Among the Supreme Court rulings handed down in 2020 with regard to the insurance business, the following were the most important:
On 13 March 2020, in case no. III CZP 63/19, the Supreme Court ruled that incurring an obligation by the injured party to pay the rent for a replacement vehicle constitutes a loss within the meaning of Article 361 § 2 of the Civil Code which remains in a causal relationship with the related traffic accident.
On 17 July 2020, in case no. III CZP 75/19, the Supreme Court ruled that the benefit disbursed by the insurer in the event of an early termination of a unit-linked life insurance contract is not the main benefit within the meaning of Article 385 1 § 1 sentence 2 of the Civil Code.
On 22 July 2020, in case no.
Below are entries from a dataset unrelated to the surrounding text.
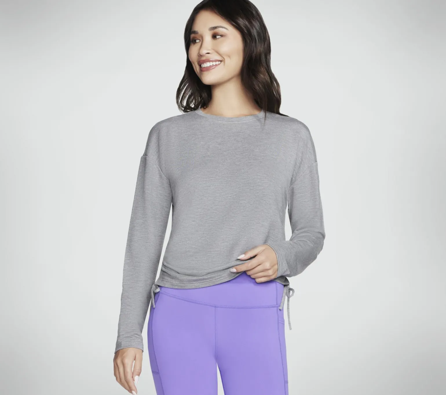 Redefine relaxed style and comfort with Skechers Skechluxe Renew Crew. This stylish crew neck top features our Skechluxe soft and silky fabric, long sleeves, and ruched sides with adjustable self ties.
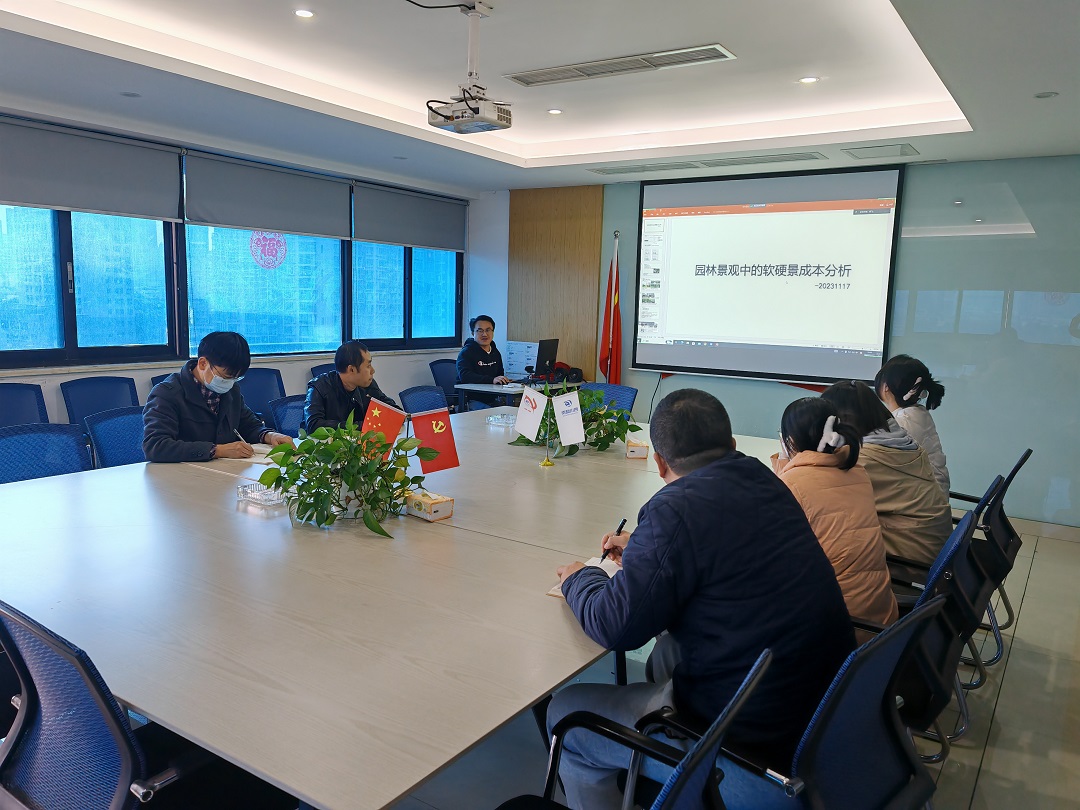2023.11.17,在四川盛泰成都公司大会议室进行《园林景观中的软硬景成本分析》学习,本次会议由景观专业符飞跃组织发起,相关专业人员积极参与其中。
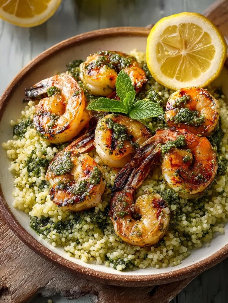Grilled Lemon Shrimp with Pesto Couscous is a quick and flavorful dish that combines succulent shrimp with aromatic pesto couscous.
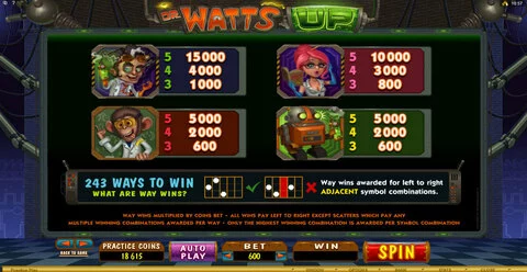 Dr. Watts Up is a 5 rouleaux / 248 lignes slot game, released by Microgaming in n/a n/a
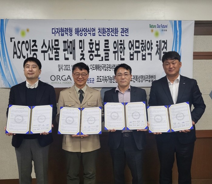 [전남=프레스뉴스] 신상균 기자= 전남 진도군이 23일 친환경 국제인증(ASC) 국제인증을 받은 친환경 수산물 판매 확대를 위해 업무협약을 체결했다.

III CZP 31/19, the Supreme Court recognized in its resolution that an injured party who has suffered a bodily injury or health disorder may claim, pursuant to Article 444 § 1 of the Civil Code, indemnification for the costs of care provided to him or her gratuitously by relatives.
On 11 September 2020, in case no. III CZP 90/19, the Supreme Court announced in its resolution that indemnification under third party liability insurance of a motor vehicle owner, payable to the lessee in connection with expenses incurred for the repair of a damaged leased vehicle, must include the amount of value-added tax to the extent the lessee may not reduce the amount of tax payable by him or her by the amount of tax paid.